Entries taken from a collection:
*** Begin section ***
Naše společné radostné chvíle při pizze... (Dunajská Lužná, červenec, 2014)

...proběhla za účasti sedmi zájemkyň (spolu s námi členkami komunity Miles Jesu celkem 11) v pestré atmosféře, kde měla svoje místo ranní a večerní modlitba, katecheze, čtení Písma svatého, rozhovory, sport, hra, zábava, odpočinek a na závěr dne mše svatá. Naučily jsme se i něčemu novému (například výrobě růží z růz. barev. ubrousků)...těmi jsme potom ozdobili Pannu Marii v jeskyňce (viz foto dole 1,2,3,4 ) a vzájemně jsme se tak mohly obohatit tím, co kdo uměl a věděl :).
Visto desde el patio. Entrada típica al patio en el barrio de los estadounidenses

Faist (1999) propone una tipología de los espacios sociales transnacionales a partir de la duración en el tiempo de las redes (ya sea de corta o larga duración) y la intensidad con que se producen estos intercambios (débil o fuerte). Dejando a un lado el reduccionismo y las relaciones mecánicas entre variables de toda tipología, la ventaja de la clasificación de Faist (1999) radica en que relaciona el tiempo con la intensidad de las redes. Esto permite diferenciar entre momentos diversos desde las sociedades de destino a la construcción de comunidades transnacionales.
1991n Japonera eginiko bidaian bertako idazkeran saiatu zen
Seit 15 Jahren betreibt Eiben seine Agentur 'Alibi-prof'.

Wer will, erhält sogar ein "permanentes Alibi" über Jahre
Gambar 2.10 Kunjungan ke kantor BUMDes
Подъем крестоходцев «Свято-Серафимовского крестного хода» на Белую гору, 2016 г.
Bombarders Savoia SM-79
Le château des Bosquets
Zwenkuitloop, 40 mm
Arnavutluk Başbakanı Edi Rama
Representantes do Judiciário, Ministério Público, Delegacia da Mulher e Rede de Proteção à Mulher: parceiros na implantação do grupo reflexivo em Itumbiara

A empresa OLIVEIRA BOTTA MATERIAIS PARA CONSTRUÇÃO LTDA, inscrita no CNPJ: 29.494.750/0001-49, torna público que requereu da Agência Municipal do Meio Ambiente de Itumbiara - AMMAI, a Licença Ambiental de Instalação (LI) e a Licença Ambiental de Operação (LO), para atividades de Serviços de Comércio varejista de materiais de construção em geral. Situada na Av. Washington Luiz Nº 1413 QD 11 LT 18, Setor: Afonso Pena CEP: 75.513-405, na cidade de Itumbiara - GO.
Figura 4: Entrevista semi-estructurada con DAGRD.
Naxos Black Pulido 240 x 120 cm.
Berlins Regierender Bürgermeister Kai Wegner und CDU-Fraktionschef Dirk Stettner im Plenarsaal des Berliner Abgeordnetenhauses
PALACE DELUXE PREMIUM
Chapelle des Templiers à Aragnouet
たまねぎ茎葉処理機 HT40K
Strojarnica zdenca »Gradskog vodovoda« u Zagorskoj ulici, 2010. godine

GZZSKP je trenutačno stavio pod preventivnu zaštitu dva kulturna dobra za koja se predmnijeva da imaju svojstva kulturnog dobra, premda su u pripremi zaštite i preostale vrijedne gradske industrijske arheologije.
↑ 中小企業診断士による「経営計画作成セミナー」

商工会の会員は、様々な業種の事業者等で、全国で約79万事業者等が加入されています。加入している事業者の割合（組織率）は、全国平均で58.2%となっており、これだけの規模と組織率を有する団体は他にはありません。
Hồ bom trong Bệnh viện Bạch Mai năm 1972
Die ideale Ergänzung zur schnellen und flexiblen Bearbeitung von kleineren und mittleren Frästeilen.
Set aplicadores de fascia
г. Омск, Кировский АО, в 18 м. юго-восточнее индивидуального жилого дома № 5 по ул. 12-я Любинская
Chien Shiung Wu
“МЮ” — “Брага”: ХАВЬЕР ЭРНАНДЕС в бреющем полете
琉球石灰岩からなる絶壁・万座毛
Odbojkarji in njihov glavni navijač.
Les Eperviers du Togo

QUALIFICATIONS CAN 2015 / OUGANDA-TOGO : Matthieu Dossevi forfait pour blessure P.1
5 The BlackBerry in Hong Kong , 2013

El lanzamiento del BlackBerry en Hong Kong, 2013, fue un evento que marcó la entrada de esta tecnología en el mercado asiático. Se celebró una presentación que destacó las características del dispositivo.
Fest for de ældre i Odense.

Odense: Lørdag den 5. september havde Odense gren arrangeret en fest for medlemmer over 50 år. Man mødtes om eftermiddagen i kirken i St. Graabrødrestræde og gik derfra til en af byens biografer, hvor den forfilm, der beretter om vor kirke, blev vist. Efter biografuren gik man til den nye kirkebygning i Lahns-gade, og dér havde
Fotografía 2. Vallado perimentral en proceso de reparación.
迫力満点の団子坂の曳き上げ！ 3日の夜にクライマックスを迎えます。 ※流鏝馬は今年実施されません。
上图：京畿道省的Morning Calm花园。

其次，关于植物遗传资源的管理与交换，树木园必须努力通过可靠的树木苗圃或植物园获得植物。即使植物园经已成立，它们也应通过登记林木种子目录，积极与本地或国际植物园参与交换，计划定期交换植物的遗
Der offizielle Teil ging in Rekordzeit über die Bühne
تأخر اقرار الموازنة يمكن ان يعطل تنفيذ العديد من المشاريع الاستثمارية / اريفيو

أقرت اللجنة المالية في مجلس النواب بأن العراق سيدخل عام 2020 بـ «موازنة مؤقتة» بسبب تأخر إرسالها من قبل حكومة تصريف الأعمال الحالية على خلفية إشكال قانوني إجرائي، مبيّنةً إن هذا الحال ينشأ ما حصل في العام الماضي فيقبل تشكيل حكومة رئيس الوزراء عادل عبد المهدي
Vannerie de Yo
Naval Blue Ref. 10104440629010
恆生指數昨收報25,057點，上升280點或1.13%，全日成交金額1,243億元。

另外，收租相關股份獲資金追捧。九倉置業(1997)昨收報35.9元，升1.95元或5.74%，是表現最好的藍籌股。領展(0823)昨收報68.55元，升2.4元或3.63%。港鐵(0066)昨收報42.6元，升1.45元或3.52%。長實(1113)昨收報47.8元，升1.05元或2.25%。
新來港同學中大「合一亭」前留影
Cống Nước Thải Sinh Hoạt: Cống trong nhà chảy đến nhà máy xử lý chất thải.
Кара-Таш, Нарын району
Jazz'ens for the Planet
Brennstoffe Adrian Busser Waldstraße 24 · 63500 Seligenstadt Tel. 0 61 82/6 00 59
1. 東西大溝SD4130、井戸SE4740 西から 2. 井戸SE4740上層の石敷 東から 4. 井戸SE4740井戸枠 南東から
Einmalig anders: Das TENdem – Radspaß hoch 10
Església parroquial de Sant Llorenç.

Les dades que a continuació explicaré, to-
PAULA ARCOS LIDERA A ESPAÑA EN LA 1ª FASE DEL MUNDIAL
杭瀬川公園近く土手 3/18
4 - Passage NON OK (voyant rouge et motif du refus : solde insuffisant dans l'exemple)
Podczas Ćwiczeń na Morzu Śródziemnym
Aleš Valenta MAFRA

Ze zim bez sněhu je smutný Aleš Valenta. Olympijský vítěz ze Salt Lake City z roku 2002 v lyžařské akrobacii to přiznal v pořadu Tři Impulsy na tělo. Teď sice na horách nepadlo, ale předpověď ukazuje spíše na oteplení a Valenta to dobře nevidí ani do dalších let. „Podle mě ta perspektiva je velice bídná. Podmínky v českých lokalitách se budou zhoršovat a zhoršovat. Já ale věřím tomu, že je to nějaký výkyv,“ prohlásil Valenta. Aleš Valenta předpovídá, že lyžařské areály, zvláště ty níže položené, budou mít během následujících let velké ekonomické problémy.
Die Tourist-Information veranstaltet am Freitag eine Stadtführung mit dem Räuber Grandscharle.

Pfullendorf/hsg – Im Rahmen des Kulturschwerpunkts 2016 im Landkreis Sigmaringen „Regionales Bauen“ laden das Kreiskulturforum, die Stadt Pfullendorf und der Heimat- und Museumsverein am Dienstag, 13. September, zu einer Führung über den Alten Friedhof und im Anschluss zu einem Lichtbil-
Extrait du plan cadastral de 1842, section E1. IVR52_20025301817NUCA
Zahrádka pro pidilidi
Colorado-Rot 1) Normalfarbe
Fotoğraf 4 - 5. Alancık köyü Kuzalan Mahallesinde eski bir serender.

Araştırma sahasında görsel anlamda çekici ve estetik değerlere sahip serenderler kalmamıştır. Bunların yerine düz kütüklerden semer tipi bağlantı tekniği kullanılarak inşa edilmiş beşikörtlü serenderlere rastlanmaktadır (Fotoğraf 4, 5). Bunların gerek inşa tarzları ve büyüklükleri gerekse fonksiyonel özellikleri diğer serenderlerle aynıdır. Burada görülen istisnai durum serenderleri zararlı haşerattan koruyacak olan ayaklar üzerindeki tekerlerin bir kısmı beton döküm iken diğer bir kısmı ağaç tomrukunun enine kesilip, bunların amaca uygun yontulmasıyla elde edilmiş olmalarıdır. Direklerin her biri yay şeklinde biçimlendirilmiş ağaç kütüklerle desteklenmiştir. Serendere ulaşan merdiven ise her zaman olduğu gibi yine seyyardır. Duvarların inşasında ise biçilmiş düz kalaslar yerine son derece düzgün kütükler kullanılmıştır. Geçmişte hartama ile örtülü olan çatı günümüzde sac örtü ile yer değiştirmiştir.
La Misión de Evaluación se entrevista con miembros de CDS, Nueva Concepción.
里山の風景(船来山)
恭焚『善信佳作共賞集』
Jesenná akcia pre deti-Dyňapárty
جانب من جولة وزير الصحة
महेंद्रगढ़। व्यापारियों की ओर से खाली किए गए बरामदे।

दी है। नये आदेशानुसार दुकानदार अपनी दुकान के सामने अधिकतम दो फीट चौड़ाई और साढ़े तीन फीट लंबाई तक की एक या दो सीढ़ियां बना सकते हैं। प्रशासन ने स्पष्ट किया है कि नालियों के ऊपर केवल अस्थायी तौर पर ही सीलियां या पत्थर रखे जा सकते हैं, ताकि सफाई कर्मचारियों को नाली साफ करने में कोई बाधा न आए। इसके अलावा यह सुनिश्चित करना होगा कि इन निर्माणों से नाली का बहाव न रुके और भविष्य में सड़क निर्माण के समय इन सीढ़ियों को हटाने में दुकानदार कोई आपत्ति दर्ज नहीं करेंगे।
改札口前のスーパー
*** End section ***
Begin at the line above that has "Zahrádka pro pidilidi" and stop after the line that has "महेंद्रगढ़। व्यापारियों की", copying each line exactly and adding nothing else.

EXERCISE RESULT
Zahrádka pro pidilidi
Colorado-Rot 1) Normalfarbe
Fotoğraf 4 - 5. Alancık köyü Kuzalan Mahallesinde eski bir serender.

Araştırma sahasında görsel anlamda çekici ve estetik değerlere sahip serenderler kalmamıştır. Bunların yerine düz kütüklerden semer tipi bağlantı tekniği kullanılarak inşa edilmiş beşikörtlü serenderlere rastlanmaktadır (Fotoğraf 4, 5). Bunların gerek inşa tarzları ve büyüklükleri gerekse fonksiyonel özellikleri diğer serenderlerle aynıdır. Burada görülen istisnai durum serenderleri zararlı haşerattan koruyacak olan ayaklar üzerindeki tekerlerin bir kısmı beton döküm iken diğer bir kısmı ağaç tomrukunun enine kesilip, bunların amaca uygun yontulmasıyla elde edilmiş olmalarıdır. Direklerin her biri yay şeklinde biçimlendirilmiş ağaç kütüklerle desteklenmiştir. Serendere ulaşan merdiven ise her zaman olduğu gibi yine seyyardır. Duvarların inşasında ise biçilmiş düz kalaslar yerine son derece düzgün kütükler kullanılmıştır. Geçmişte hartama ile örtülü olan çatı günümüzde sac örtü ile yer değiştirmiştir.
La Misión de Evaluación se entrevista con miembros de CDS, Nueva Concepción.
里山の風景(船来山)
恭焚『善信佳作共賞集』
Jesenná akcia pre deti-Dyňapárty
جانب من جولة وزير الصحة
महेंद्रगढ़। व्यापारियों की ओर से खाली किए गए बरामदे।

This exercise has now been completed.